When I approached CPATH about building a covert transport network, they didn’t hesitate. After months undercover in Lorville, I’d already seen enough of Hurston’s rot to know we needed something bigger than rumors and whispers. We needed access. Real access.
So we built it — CPC Logistics.
On paper, just another contractor clearing Hurston freight, running cargo lanes, and moving personnel across the Stanton system. But behind the scenes, it was our way inside their armor.
And the deeper I got, the more I realized something was wrong. Not just with Lorville. Not just with Hurston. With all of Stanton.
At first, it was little things. Cargo manifests that didn’t match what we loaded. Personnel transfers where the “passenger” never showed up in any arrival logs. Shipments billed to shell companies that dissolved the moment we completed the job.
But then the patterns started linking together.
I used to think the attacks across the system were all disconnected — pirates, radicals, warlords, bad luck, whatever explanation was easiest. But it wasn’t that simple. Not once we saw the routing data, the shipments, and the timing.
Because Hurston kept popping up.
Everywhere.
Nova Intergalactic’s Annual 890 Jump cruise attack — official reports blamed pirates. But the weapon signatures matched shipments we quietly moved for Hurston two weeks earlier.
Zark leaving "Stanton Today"— not surprising, considering Hurston was laundering influence through half the event sponsors.
Drug labs popping up across the Hurston region — every lab coincided with “waste management” deliveries routed by Hurston Logistics.
XenoThreat resurgences — too well-timed, too well-armed. Someone was feeding them intel or hardware.
CDF forced to intervene at Orison when Nine Tails seized the platforms — Hurston had quietly downgraded security shipments the month before.
Daymar Rally attacks — traced back to contract operatives whose gear came straight from a Hurston-controlled surplus depot.
None of that is a coincidence.
Hurston isn’t just part of the problem — they’re paying for the problem. And CPC Logistics is going to give us the proof.

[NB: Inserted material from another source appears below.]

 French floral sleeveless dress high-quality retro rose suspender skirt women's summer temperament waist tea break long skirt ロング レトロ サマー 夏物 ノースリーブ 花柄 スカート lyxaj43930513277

Sometimes we transported sealed crates of security electronics, only to pause mid-flight and flash them with rootkits. Other times we swapped datapads, injected firmware defects, or replaced microprocessors with CPATH-custom versions that gave us control later.
We were the “trusted contractor.”
Hurston never suspected a thing.
Then there were the passengers — the “high-priority personnel” who needed relocation. Some were political problems Hurston wanted to disappear. Others were whistleblowers who needed extraction. Every time, the arrival logs said they checked in. But they never did.

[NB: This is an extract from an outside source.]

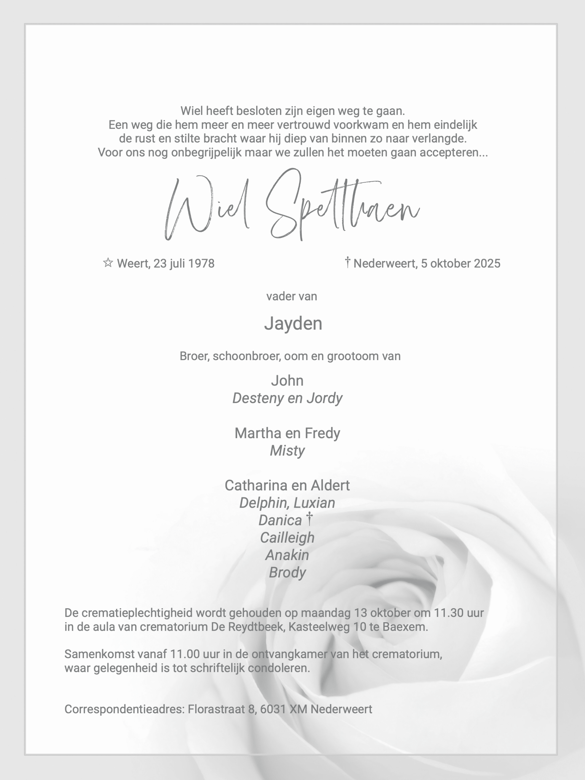 Gecondoleerd met het overlijden van wiel ik wens de familie heel veel sterkte toegewenst

We were playing the middle. The quiet middle.
Surveillance grids flickered.
Patrols missed their routes.
Cargo chains slowed.
Workers started catching breaths where they never had one before.
No one could point to us — not yet — but the fallout was obvious.
Hurston thrives on control.
CPC Logistics thrives on taking it away.
And with every shipment we touched, every datapad we swapped, every executive we “relocated”…
the cracks in Hurston’s armor spread a little wider.